_YOUR OBJECTIVE:_ Your answer should hold exactly the lines below from the line with "Caprylyl Glycol |" through the line with "В районе гаража", both included, and no pictures at all.

_DATA FOR THIS EXERCISE:_
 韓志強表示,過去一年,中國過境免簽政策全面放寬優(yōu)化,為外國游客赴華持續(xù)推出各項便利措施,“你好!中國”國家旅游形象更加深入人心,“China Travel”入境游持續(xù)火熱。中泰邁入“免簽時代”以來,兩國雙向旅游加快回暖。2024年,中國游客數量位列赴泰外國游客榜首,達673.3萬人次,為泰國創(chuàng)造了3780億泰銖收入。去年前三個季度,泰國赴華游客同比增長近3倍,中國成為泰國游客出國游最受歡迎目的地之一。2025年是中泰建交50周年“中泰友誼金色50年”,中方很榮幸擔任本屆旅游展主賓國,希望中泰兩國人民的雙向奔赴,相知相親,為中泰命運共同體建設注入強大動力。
* * *
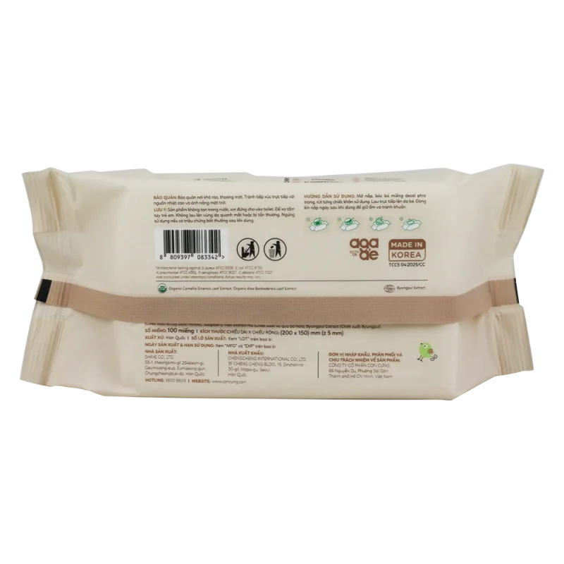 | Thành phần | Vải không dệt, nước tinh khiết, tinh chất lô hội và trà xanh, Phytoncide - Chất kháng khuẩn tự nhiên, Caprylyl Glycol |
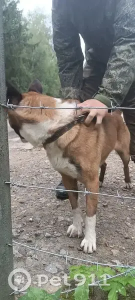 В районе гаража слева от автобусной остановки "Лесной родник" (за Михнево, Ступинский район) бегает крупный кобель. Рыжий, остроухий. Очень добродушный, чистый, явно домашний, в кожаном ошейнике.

_RESPONSE TO THE TASK:_
 | Thành phần | Vải không dệt, nước tinh khiết, tinh chất lô hội và trà xanh, Phytoncide - Chất kháng khuẩn tự nhiên, Caprylyl Glycol |
 В районе гаража слева от автобусной остановки "Лесной родник" (за Михнево, Ступинский район) бегает крупный кобель. Рыжий, остроухий. Очень добродушный, чистый, явно домашний, в кожаном ошейнике.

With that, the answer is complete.